Dead Mother by Egon Schiele

Egon Schiele (June 12, 1890 – October 31, 1918) painted Dead Mother in 1910 in Czech Republic.

Let me step back a few moments.

Schiele – as many artists tend to do – lived an alternate type of lifestyle as he explored. For example, when he was younger and his fascination in trains grew, his father (who was the train master in Tullen) was so disturbed by his representation of them that he had to burn his sketch books.

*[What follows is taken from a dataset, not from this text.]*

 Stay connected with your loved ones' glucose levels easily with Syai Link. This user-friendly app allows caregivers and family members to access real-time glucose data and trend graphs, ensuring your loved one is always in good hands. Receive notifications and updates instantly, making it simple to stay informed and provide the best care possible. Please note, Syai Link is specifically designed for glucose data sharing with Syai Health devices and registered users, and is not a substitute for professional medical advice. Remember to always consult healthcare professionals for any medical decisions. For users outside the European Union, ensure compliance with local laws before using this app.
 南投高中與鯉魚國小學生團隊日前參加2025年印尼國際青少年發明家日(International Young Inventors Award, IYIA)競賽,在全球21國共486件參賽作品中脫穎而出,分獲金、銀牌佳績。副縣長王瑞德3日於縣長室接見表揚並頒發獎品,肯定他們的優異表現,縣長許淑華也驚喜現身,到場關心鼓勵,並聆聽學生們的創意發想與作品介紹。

At 16 he was accepted into Kunstgewerbeschule (School of Arts and Crafts) in Vienna (1906), to which he was encouraged by the instructors a year after to go to the more formal and traditional academy, Akademie der Bildenden Künste. It is without a doubt that the conservative styles of both academies frustrated Schiele, which ultimately led him to leave 3 years later. Schiele founded the group Neukunstgruppe (“New Art Group”) with other dissatisfied students shortly after leaving Akademie der Bildenden Künste.

Around this time, Schiele found Gustav Klimt (an alumni of Kunstgewerbeschule), who happily took interest in Schiele, encouraging him by purchasing his work, trading his work for Schiele’s, and also arranging exhibits and models for the younger artist. It was at this time that Schiele met Walburga (Wally) Neuzil, a young lady who would be the model for many of his future works and partner for some time. Around 1911 they were chased out of Český Krumlov (Krumau) in southern Bohemia (Czech Republic) – the birthplace of Schiele’s mother – because the residents strongly disapproved of their lifestyle, not to mention their employment of the town’s teenage girls as models (allegedly).

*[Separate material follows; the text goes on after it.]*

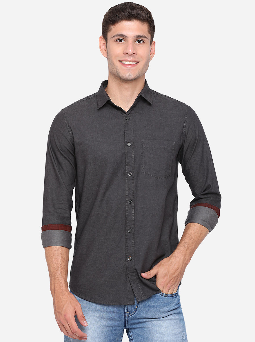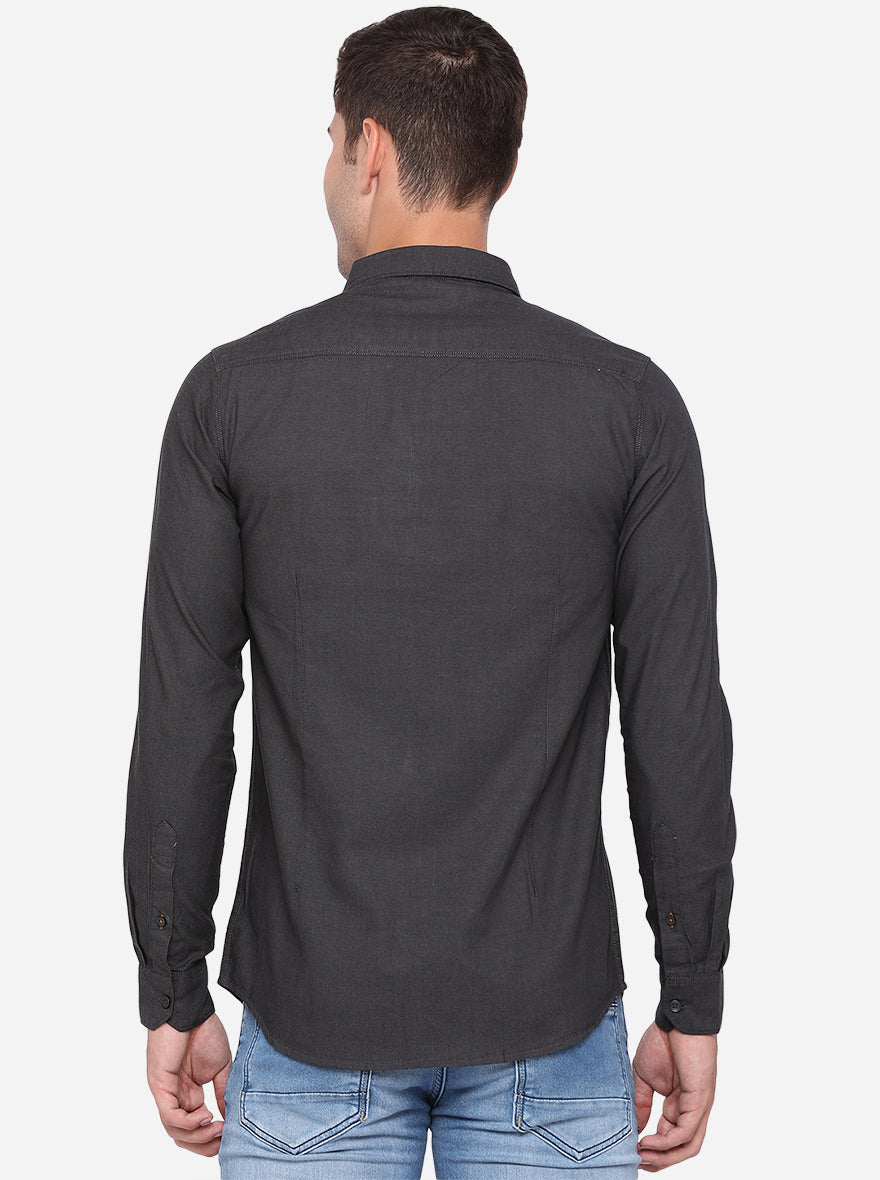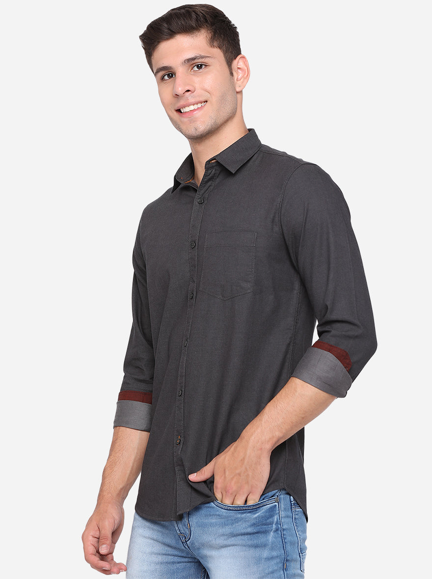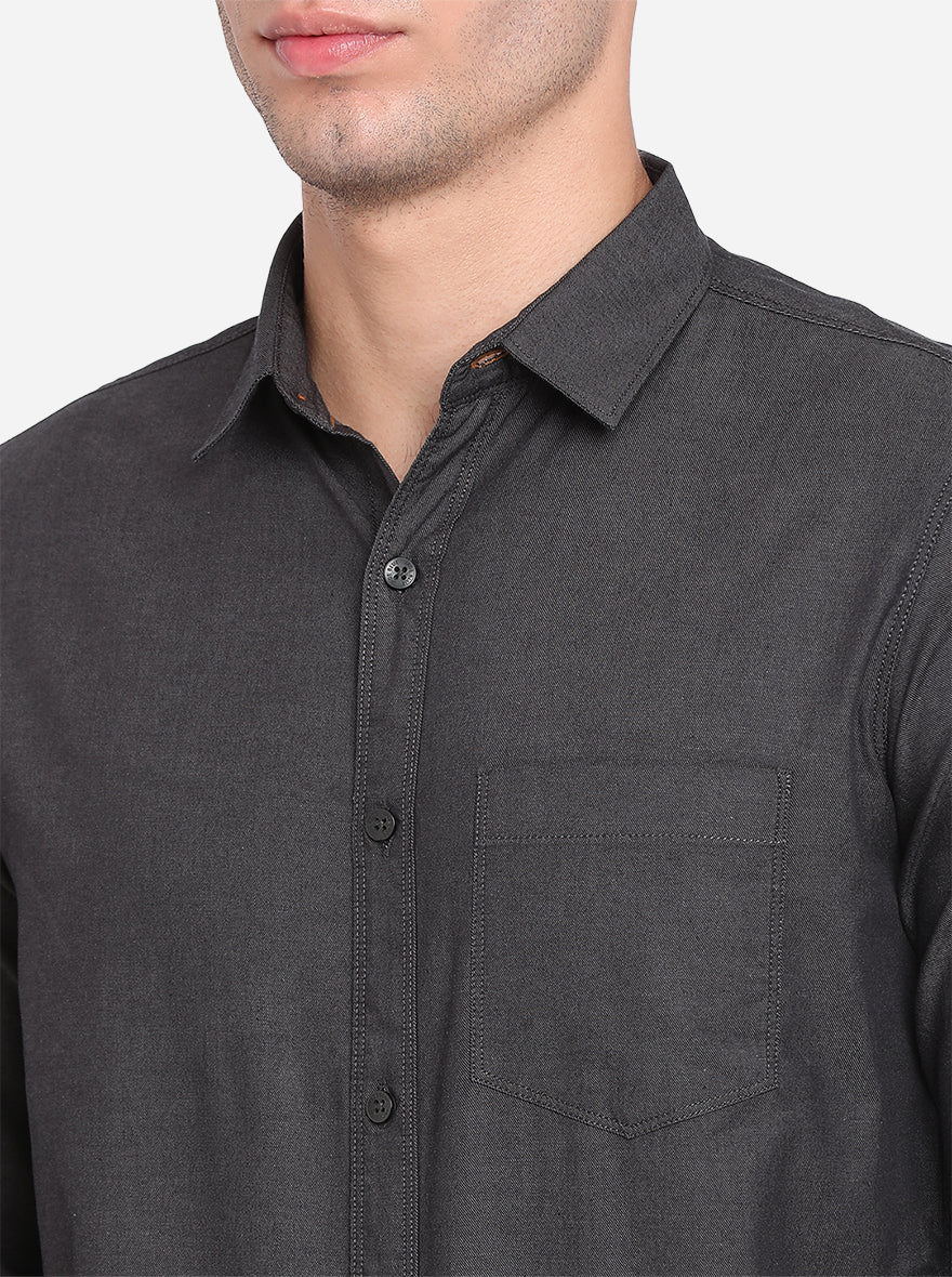 Dark Grey Solid Slim Fit Semi Casual Shirt | JadeBlue

In 1912 Schiele was arrested for seducing a young girl below the age of consent. Hundreds of his drawings were seized because they were considered pornographic, but the charges of seduction and abduction were dropped. However, during the trial, the judge burned one of the offending drawings over a candle flame.

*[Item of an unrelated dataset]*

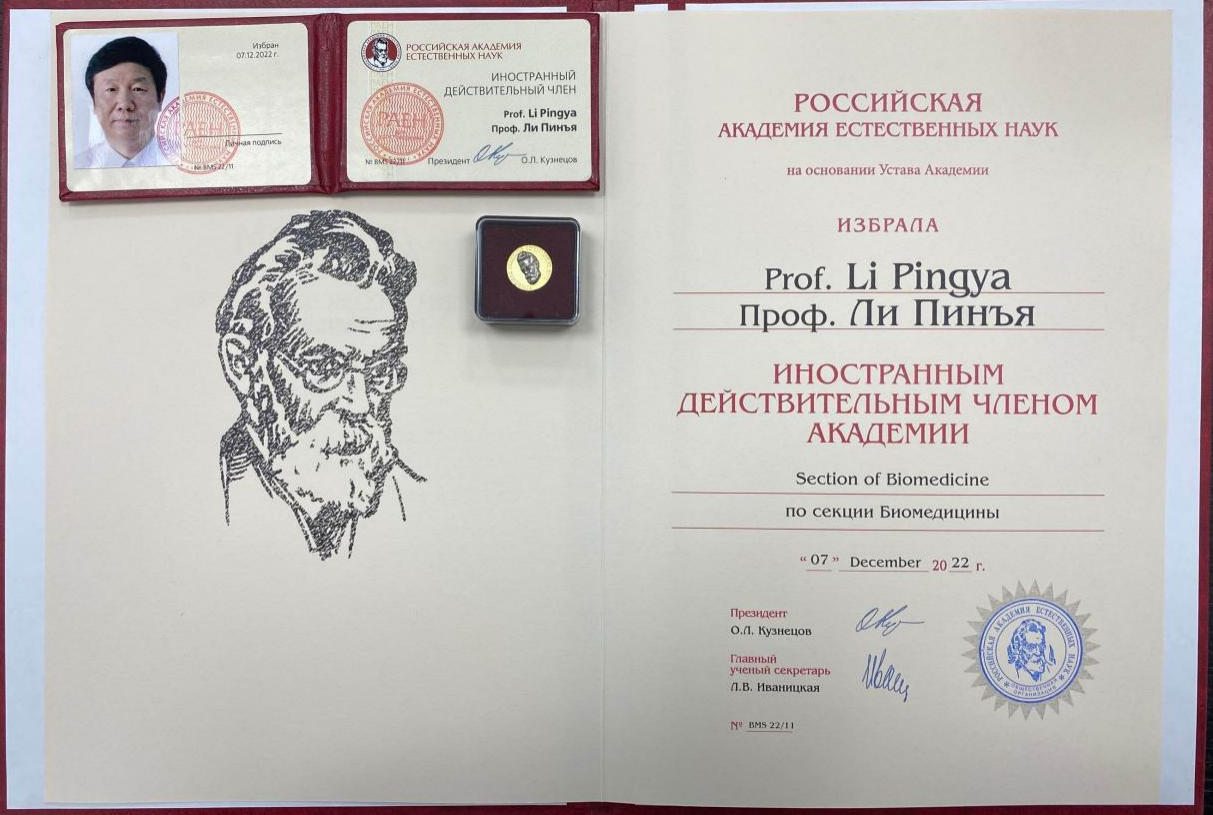 Recently, Prof. Li Pingya from School of Pharmaceutical Sciences of Jilin University (JLU) was elected as a foreign academician of the Russian Academy of Natural Sciences (RAEN) for his innovative contributions in the field of innovative drug development. The other day, the RAEN President Oleg L. Kuznetzov and Chief Academic Secretary General Lida V.Ivanitskaya sent the certificate and congratulatory letter.

It is tragic to learn that the Spanish flu pandemic (which took 20,000,000 lives in Europe) took Schiele’s pregnant wife of 4 years (not Wally), and Schiele himself 3 days afterwards at the age of 28.

Dead Mother

It is interesting to note that Dead Mother is part of the Expressionist movement, a symbolic painting that clearly has influence by psychoanalysis. Austrian neurologist and founding father of psychoanalysis, Freud (May 6, 1856 – September 23, 1939), was becoming very eminent in theology, and as a result, all society. This reasoning process, and identification led to some very astounding revelations in many genres of expression, particularly in art.

It is almost too easy to identify certain aspects of Schiele’s life with this painting. His eldest sister died at the age of 10, when Shiele was just 3 years old. His father died in 1904, when he was 14, and his mother had lost a child at birth and also had a stillborn. To further complicate things, his mother married his fathers brother-in-law (this fact seems odd).

Morbid is the word, dark and tortured.